Thoughts? Any help would be greatly appreciated. They love Drogon and giving him to someone else is not an option.


----------



## Jax08 (Feb 13, 2009)

None of us were there to evaluate the bite or circumstances so it's hard to really speak to any problems. I suggest that they keep him crated when people are over. Your brother should just step up and train the dog. My husband doesn't know a single command, or he'll repeat one 20 times while the dog ignores him. But when I say it, the dogs pay attention. This relationship really isn't that different.


----------



## jarn (Jul 18, 2007)

When Drogon is separated from whom?

I agree with @Jax08 - it would make sense for your brother to step up in training. Is there anyone else in the house? 
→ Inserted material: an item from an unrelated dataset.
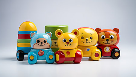 A delightful collection of colorful baby toys displayed on a wooden surface, creating a playful atmosphere with a charming bokeh background. Ideal for family-themed projects.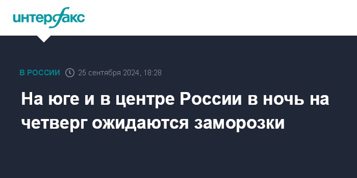 На юге и в центре России в ночь на четверг ожидаются заморозки

(Jax08, we had the trainer by yesterday and were playing 'come' hide and seek in our apartment. From the living room, I could hear once we were done my husband telling Agis 'Good boy! Sit. Sit! Sit. Sit! SIT! Sit! Sit! Agis, sit!'. I quietly said to the trainer 'I'm really the one who works with him'.)


----------



## tc68 (May 31, 2006)

No offense but, I don't know why your father is doing the training if he has progressively worse Parkinson's and his memory is getting worse. Your brother needs to step up and do the work and he better do it ASAP. The dog is now 1 year and 3 months old...he better get on it fast or the dog will get out of control and bite someone else. Then the dog will have to be put down because you can't rehome an aggressive dog.

Can you tell us the situation in which your husband was bitten?


----------



## Gennavieve (Jan 23, 2020)

My husband went to pet Drogon on the head and he snapped out of the blue. We noticed in the past that Drogon growls if you try to hug him while he's standing, so I have a feeling it has to do with that. 
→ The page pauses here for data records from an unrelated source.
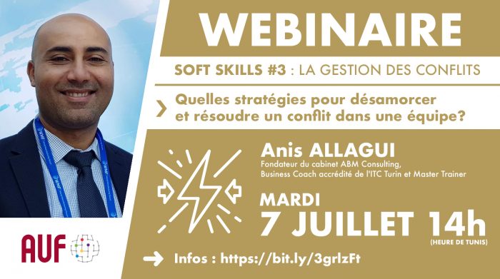 - Le troisième webinaire a traité la problématique de la gestion des conflits. Il a été animé par M. Anis ALLAGUI, Fondateur du cabinet ABM Consulting, Business Coach accrédité de l’ITC Turin et Master Trainer.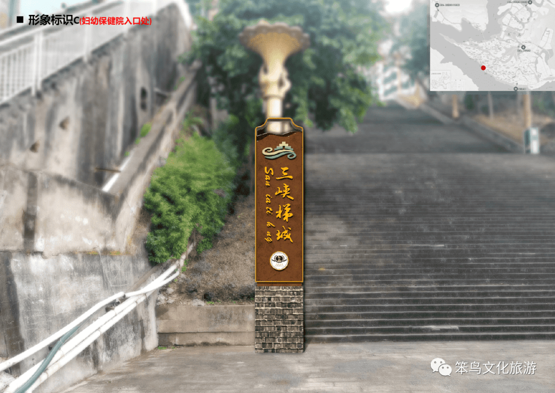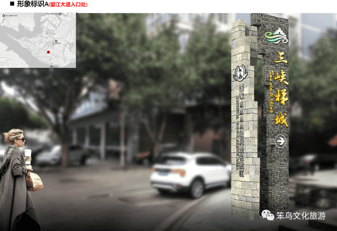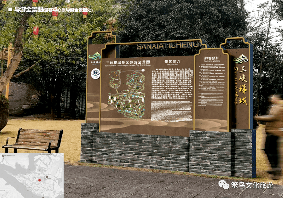 经工作人员现场踏勘发现,三峡梯城景区内标识系统不完善,入口形象缺失,4A级景区昭示性缺乏,现有导视画面磨损严重,信息指示不清晰,且风格不统一。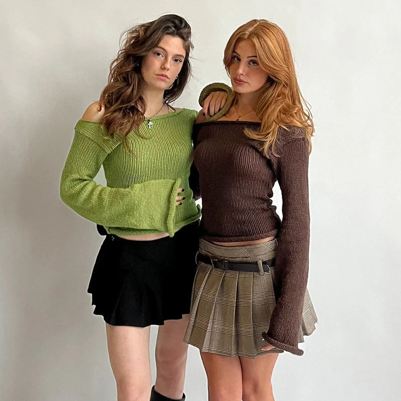 Knit Off Shoulder Slim Long Bell Sleeve Sweater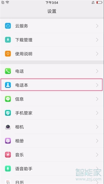 2.在设置里面找到【电话本】选项。

My brother is the main trainer at home, he just feels my father makes the training more difficult. I agree he needs to step up regardless. We had a GSD, Doberman and Wheaten that were all amazing, loving dogs, but we put a lot of work into it from the beginning and they helped train one another. With that being said, I see that this is a serious problem, hence my involvement. In the case of my brother, he needs help getting professional training, I just need to know if a boarding/training situation is better or if an at home trainer is better so that my father can be present?


----------



## tc68 (May 31, 2006)

Gennavieve said:


> My husband went to pet Drogon on the head and he snapped out of the blue. We noticed in the past that Drogon growls if you try to hug him while he's standing, so I have a feeling it has to do with that.
> 
> My brother is the main trainer at home, he just feels my father makes the training more difficult. I agree he needs to step up regardless. We had a GSD, Doberman and Wheaten that were all amazing, loving dogs, but we put a lot of work into it from the beginning and they helped train one another. With that being said, I see that this is a serious problem, hence my involvement. In the case of my brother, he needs help getting professional training, I just need to know if a boarding/training situation is better or if an at home trainer is better so that my father can be present?


Probably an in-home trainer would be best...and not because your father is present. Boarding is more expensive and your brother would be less involved and with less bonding experience. Even better would be if the trainer had a place of business. At home the dog may feel the need to protect your father and snap at the trainer too. Dogs know when there's someone in their pack/family that is vulnerable and need protection. So maybe a "neutral" place may keep the dog balanced and not be "on" like he would be at home.

Does he exercise that dog?

Is your husband knowledgeable about dogs? Usually there are signs that a dog will snap....maybe he tenses up, or the tail tucks down or way up, or hackles come up, or a low growl, or a lip curls up a little, or a number of things. Did your husband approach the dog head on with eye contact? That could be threatening on your husband's part. And sometimes they snap out of the blue like you said. I'm not blaming your husband....just trying to prevent a future "snap."


----------



## Jax08 (Feb 13, 2009)

An in-home trainer would be my suggestion. Where are you located? Perhaps someone can suggest a trainer for you.


----------



## Gennavieve (Jan 23, 2020)

Drogon does get exercise, but if it were our dog, he would have a lot more.. 

Yes, my husband is knowledgeable about dogs which is why it surprised us. I'll suggest an in-home trainer to evaluate the situation and see if they suggest a different approach once they meet him.

They live in Littleton/Lone Tree Colorado. Any suggestions on trainers around there?


----------



## Mathis (May 28, 2021)

In this case, it is best to consult a doctor to see if there are serious consequences.


----------